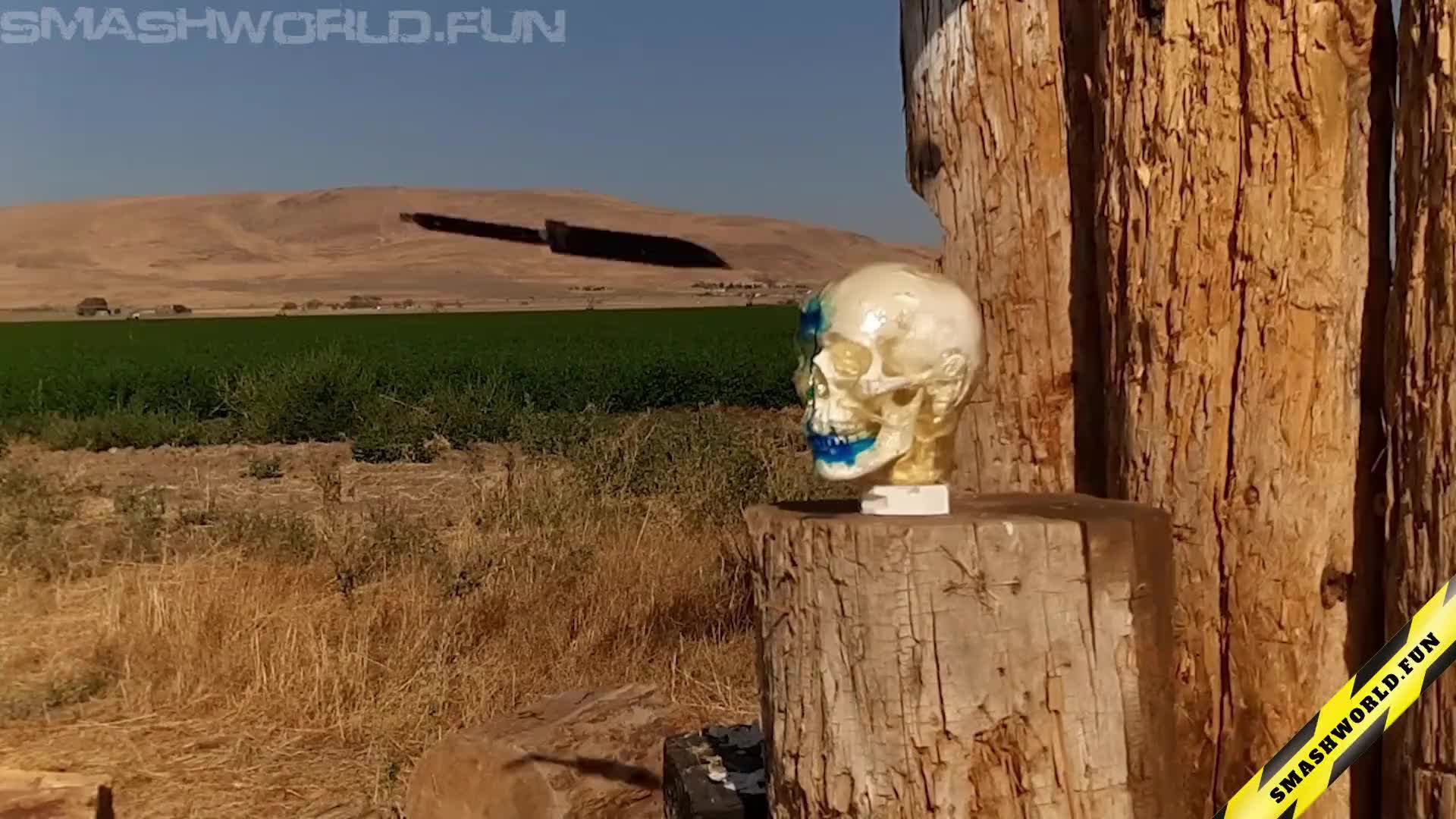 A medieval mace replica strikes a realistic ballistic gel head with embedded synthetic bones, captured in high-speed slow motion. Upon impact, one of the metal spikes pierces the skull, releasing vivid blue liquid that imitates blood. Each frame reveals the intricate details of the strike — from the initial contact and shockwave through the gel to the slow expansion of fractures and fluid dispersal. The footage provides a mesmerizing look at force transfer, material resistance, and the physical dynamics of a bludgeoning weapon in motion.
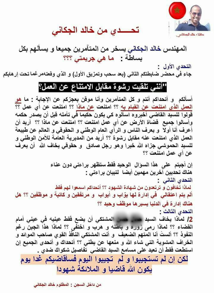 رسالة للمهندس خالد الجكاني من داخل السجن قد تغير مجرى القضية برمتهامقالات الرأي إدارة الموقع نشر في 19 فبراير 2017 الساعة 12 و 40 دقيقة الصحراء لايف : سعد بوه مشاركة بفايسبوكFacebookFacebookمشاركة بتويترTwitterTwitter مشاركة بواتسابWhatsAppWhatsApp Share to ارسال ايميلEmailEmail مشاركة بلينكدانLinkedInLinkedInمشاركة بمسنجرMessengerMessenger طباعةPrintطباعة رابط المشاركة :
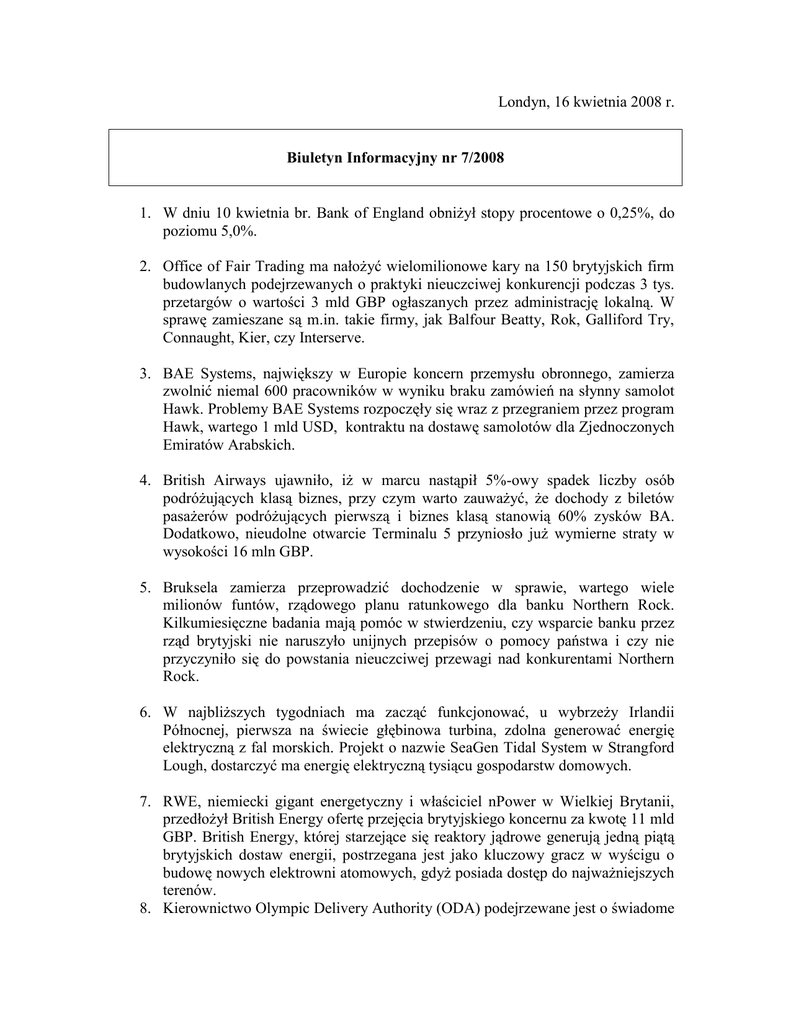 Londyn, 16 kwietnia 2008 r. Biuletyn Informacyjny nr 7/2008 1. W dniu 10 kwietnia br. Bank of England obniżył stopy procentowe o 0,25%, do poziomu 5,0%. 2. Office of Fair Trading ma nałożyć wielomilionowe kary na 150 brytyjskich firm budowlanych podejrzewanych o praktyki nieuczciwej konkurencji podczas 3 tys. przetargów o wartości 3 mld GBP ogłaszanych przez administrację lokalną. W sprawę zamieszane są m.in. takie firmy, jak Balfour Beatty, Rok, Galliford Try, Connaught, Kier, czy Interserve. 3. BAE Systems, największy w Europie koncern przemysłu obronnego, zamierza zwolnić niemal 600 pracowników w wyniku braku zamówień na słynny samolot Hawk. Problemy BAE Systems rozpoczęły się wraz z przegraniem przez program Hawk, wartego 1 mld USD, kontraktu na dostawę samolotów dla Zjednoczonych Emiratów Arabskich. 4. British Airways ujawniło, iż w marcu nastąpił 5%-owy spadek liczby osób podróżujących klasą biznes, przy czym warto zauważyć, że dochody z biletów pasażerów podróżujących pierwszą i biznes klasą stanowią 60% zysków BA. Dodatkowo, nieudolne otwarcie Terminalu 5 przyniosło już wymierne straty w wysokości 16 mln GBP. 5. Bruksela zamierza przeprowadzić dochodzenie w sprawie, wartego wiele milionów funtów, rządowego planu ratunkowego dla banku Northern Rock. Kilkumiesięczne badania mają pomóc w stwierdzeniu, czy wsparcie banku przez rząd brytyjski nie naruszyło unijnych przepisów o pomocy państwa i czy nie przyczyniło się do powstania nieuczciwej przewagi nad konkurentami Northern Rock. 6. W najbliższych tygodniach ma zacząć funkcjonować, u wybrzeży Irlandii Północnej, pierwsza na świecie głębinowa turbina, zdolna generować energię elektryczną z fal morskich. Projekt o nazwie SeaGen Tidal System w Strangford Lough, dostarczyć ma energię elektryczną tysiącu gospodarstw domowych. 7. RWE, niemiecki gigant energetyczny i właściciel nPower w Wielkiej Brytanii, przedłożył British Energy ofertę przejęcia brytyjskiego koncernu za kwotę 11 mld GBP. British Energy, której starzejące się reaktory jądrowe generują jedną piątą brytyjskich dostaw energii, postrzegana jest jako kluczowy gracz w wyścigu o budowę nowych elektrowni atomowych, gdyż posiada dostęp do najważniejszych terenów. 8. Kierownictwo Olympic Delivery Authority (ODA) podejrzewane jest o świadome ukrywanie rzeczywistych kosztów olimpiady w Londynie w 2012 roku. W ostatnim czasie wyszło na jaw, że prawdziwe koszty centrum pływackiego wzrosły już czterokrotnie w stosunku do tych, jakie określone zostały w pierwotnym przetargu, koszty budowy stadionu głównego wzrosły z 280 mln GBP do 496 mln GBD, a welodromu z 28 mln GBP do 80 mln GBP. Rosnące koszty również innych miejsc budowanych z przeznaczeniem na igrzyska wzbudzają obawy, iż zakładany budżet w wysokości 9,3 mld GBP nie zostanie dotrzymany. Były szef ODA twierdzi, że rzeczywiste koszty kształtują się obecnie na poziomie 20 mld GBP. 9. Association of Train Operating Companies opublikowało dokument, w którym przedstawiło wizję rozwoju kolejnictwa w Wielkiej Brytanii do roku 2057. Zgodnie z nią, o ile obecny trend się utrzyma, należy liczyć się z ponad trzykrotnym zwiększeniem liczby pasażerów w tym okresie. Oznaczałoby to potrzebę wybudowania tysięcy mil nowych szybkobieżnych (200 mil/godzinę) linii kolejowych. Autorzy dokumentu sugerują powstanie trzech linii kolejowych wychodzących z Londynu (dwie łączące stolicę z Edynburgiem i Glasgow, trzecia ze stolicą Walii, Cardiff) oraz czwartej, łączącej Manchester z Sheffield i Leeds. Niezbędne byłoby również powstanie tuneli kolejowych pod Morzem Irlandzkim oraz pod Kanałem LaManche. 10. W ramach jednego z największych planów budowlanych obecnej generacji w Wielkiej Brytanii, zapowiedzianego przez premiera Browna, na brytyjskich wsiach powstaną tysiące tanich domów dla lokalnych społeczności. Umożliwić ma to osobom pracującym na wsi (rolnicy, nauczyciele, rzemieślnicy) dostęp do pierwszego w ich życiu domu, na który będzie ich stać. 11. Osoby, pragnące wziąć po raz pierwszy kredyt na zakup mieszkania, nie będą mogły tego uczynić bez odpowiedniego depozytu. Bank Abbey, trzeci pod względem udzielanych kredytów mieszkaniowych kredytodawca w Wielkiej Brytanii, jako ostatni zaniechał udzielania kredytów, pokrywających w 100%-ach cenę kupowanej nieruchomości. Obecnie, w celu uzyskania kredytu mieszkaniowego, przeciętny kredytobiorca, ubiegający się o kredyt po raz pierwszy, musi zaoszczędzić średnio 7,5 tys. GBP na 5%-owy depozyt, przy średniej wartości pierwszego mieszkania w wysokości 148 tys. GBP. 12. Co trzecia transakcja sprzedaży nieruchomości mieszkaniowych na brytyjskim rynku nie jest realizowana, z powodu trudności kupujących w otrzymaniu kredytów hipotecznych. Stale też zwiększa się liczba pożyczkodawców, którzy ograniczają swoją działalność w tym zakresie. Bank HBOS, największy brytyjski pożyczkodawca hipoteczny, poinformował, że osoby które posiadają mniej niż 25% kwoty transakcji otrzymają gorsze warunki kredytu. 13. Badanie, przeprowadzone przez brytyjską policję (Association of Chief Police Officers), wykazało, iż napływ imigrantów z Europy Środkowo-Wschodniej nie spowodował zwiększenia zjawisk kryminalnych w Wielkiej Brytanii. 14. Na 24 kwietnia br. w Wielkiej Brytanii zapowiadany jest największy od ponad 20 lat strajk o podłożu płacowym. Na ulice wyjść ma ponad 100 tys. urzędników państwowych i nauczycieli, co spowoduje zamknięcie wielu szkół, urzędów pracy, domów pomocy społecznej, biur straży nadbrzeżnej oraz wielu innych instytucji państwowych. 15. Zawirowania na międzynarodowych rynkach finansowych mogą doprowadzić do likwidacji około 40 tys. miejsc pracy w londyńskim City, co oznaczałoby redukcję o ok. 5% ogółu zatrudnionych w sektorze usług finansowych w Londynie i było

--

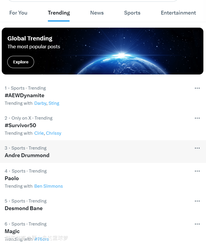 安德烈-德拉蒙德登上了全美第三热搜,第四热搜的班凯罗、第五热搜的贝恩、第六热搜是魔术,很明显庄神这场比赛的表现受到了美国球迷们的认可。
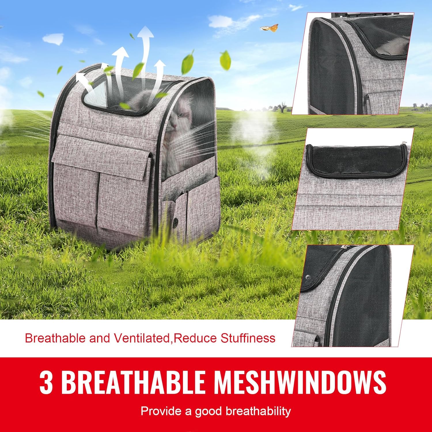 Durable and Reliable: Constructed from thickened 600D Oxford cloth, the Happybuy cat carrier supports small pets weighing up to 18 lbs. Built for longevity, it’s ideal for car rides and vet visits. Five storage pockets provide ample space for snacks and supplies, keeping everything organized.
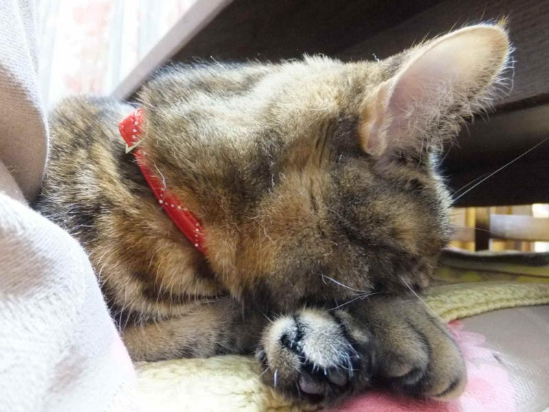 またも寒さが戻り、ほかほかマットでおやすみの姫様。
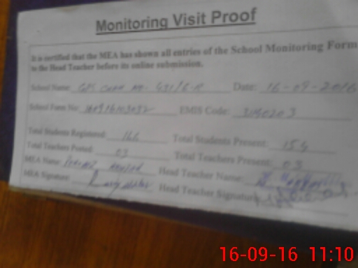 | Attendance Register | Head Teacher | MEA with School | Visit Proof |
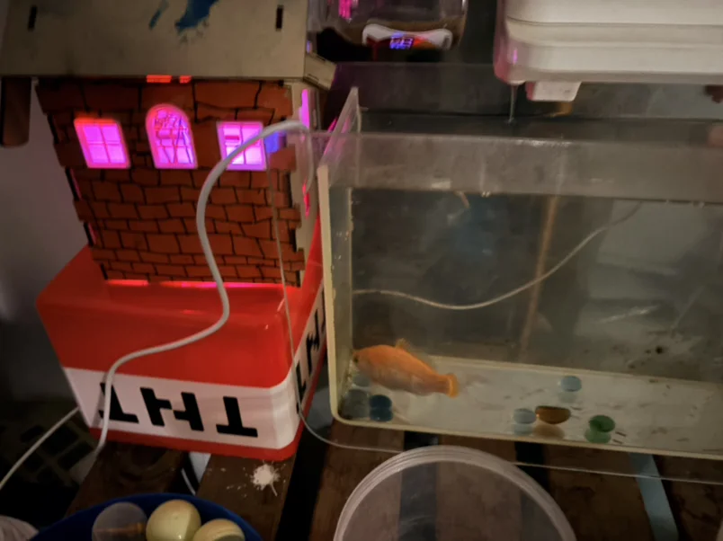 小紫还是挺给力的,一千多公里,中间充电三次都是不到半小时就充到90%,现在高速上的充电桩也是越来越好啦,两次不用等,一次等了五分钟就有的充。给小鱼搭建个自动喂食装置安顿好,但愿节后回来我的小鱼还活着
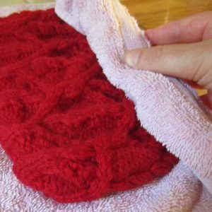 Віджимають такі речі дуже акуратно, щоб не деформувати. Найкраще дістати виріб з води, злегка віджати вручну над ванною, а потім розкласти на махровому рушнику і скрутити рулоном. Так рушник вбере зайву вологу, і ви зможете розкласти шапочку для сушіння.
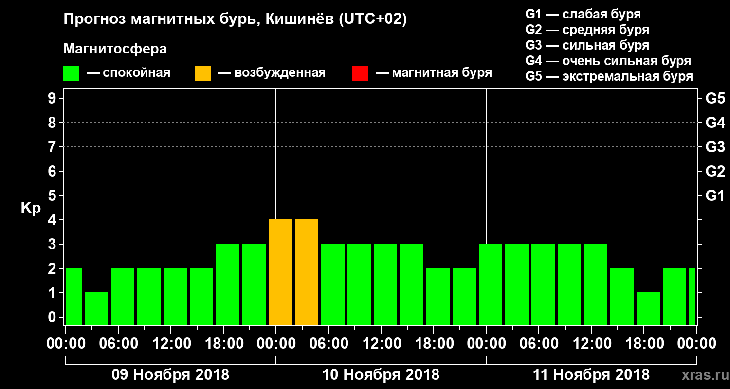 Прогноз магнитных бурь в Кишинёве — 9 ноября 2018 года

▸ **Your goal**:
Look above for the line with "A medieval mace", then print it and each line after it down to and including the line with "رسالة للمهندس خالد". Leave out the pictures and keep the wording exact.

▸ **Completed task**:
 A medieval mace replica strikes a realistic ballistic gel head with embedded synthetic bones, captured in high-speed slow motion. Upon impact, one of the metal spikes pierces the skull, releasing vivid blue liquid that imitates blood. Each frame reveals the intricate details of the strike — from the initial contact and shockwave through the gel to the slow expansion of fractures and fluid dispersal. The footage provides a mesmerizing look at force transfer, material resistance, and the physical dynamics of a bludgeoning weapon in motion.
 رسالة للمهندس خالد الجكاني من داخل السجن قد تغير مجرى القضية برمتهامقالات الرأي إدارة الموقع نشر في 19 فبراير 2017 الساعة 12 و 40 دقيقة الصحراء لايف : سعد بوه مشاركة بفايسبوكFacebookFacebookمشاركة بتويترTwitterTwitter مشاركة بواتسابWhatsAppWhatsApp Share to ارسال ايميلEmailEmail مشاركة بلينكدانLinkedInLinkedInمشاركة بمسنجرMessengerMessenger طباعةPrintطباعة رابط المشاركة :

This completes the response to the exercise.